In some possible embodiments, when the processor synthesizes the first target object and the to-be-processed image of each of the second target objects, and obtains a synthesized image, the processor is configured to:

respectively segmenting human body images of the human body targets from the images to be processed;

and fusing the segmented human body image into a background image for co-photography.

In some possible embodiments, the processor, when fusing the segmented human body image to a background image for co-photography, is configured to:

In some possible embodiments, the processor, when determining that the human target is in the composite region of the background image, is configured to:

counting the total number N of human body targets in all the images to be processed; n is a positive integer greater than or equal to 2;

In a third aspect, the present disclosure is also directed to an image processing method applied to an intelligent terminal, where the method includes:

in response to an image acquisition instruction triggered by the guide interface, acquiring an image to be processed of a first target object;

and receiving and displaying the composite image sent by the server.

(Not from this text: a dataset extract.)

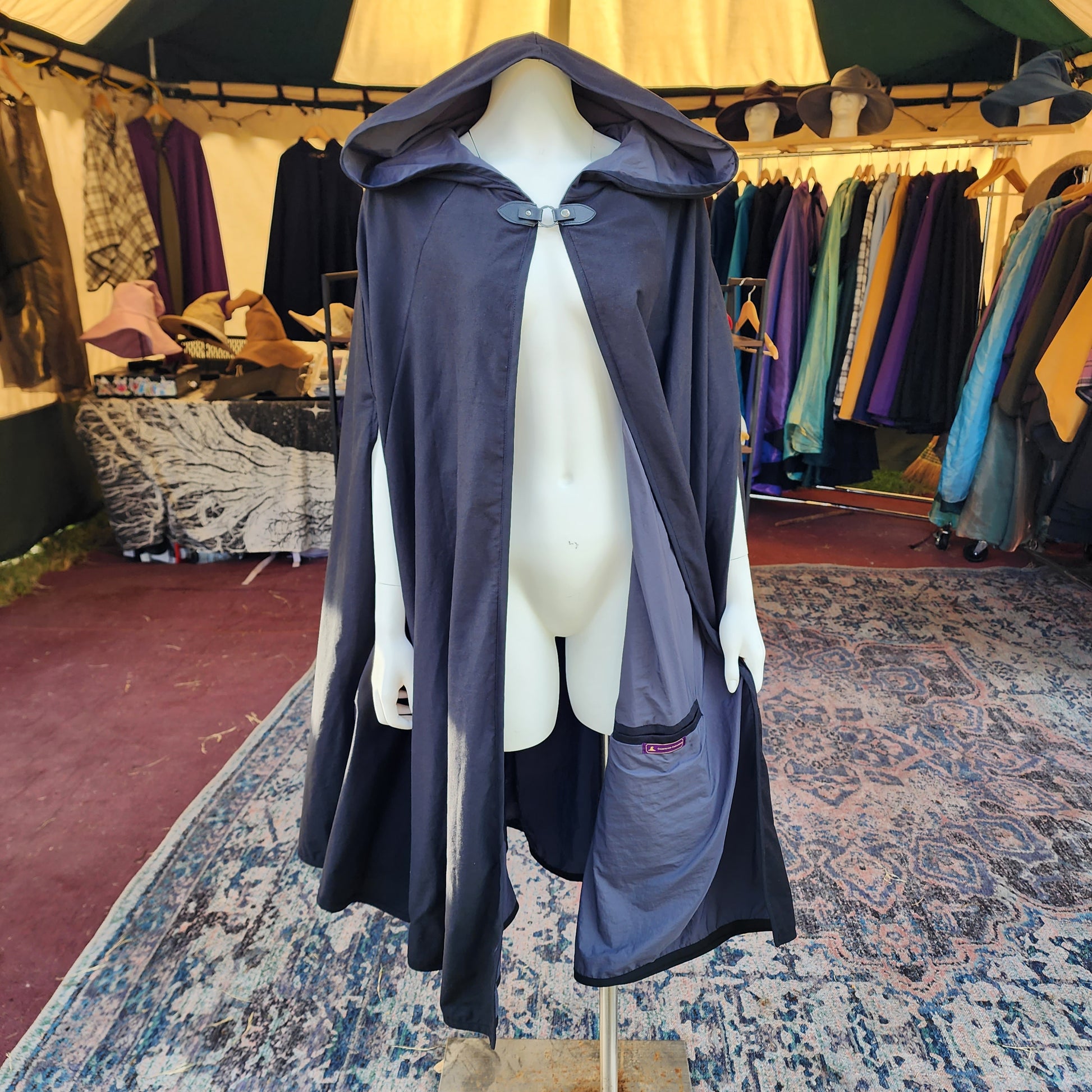 A lightweight cloak with a water resistant lining, the Traveler's Cloak is perfect for your next trip to the renaissance festival. Featuring a nice deep hood and two inner pockets and arm slits , this cloak is perfect for keeping you warm and dry while you enjoy the festival.

In some possible embodiments, the guidance interface includes: a first operation item for setting a background image; before sending the acquired to-be-processed image of the first target object to a server, the method further includes:

in response to an operation instruction of the first operation item in the guide interface, determining a background image for co-lighting, and notifying the server.

In some possible embodiments, the guidance interface includes: a second operation item for setting the recommended photographing gesture; before sending the acquired to-be-processed image of the first target object to a server, the method further includes:

In some possible embodiments, the guidance interface includes: a third operation item for setting body type data; after the acquired to-be-processed image of the first target object is sent to a server, the method further includes:

In a fourth aspect, the present disclosure further provides an image processing method applied to a server, the method including:

receiving to-be-processed images sent by the intelligent terminal of the first target object and the intelligent terminals of the second target objects respectively;

synthesizing the images to be processed of the first target object and the second target objects to obtain a synthesized image;

and distributing the composite image to the intelligent terminal of the first target object and the intelligent terminals of the second target objects.

In some possible embodiments, the synthesizing the to-be-processed images of the first target object and each of the second target objects to obtain a synthesized image includes:

respectively segmenting human body images of the human body targets from the images to be processed;

and fusing the segmented human body image into a background image for co-photography.

In some possible embodiments, the fusing the segmented human body image to a background image for photography includes:

In some possible embodiments, the determining the synthetic region of the human target in the background image includes:

counting the total number N of human body targets in all the images to be processed; n is a positive integer greater than or equal to 2;

In the embodiment of the disclosure, the function of providing a group photo for a user in a video call through an intelligent terminal is used for solving the problem that when the user performs related operations of the video call, the video call function is simple, some user requirements cannot be met, so that idle resources of a processor cannot be fully utilized, and resource waste is caused.

Additional features and advantages of the disclosure will be set forth in the description which follows, and in part will be obvious from the description, or may be learned by the practice of the disclosure. The objectives and other advantages of the disclosure may be realized and attained by the structure particularly pointed out in the written description and claims hereof as well as the appended drawings.

Drawings

In order to more clearly illustrate the technical solutions of the embodiments of the present disclosure, the drawings needed to be used in the embodiments of the present disclosure will be briefly described below, and it is apparent that the drawings described below are only some embodiments of the present disclosure, and it is obvious for those skilled in the art that other drawings can be obtained based on the drawings without inventive labor.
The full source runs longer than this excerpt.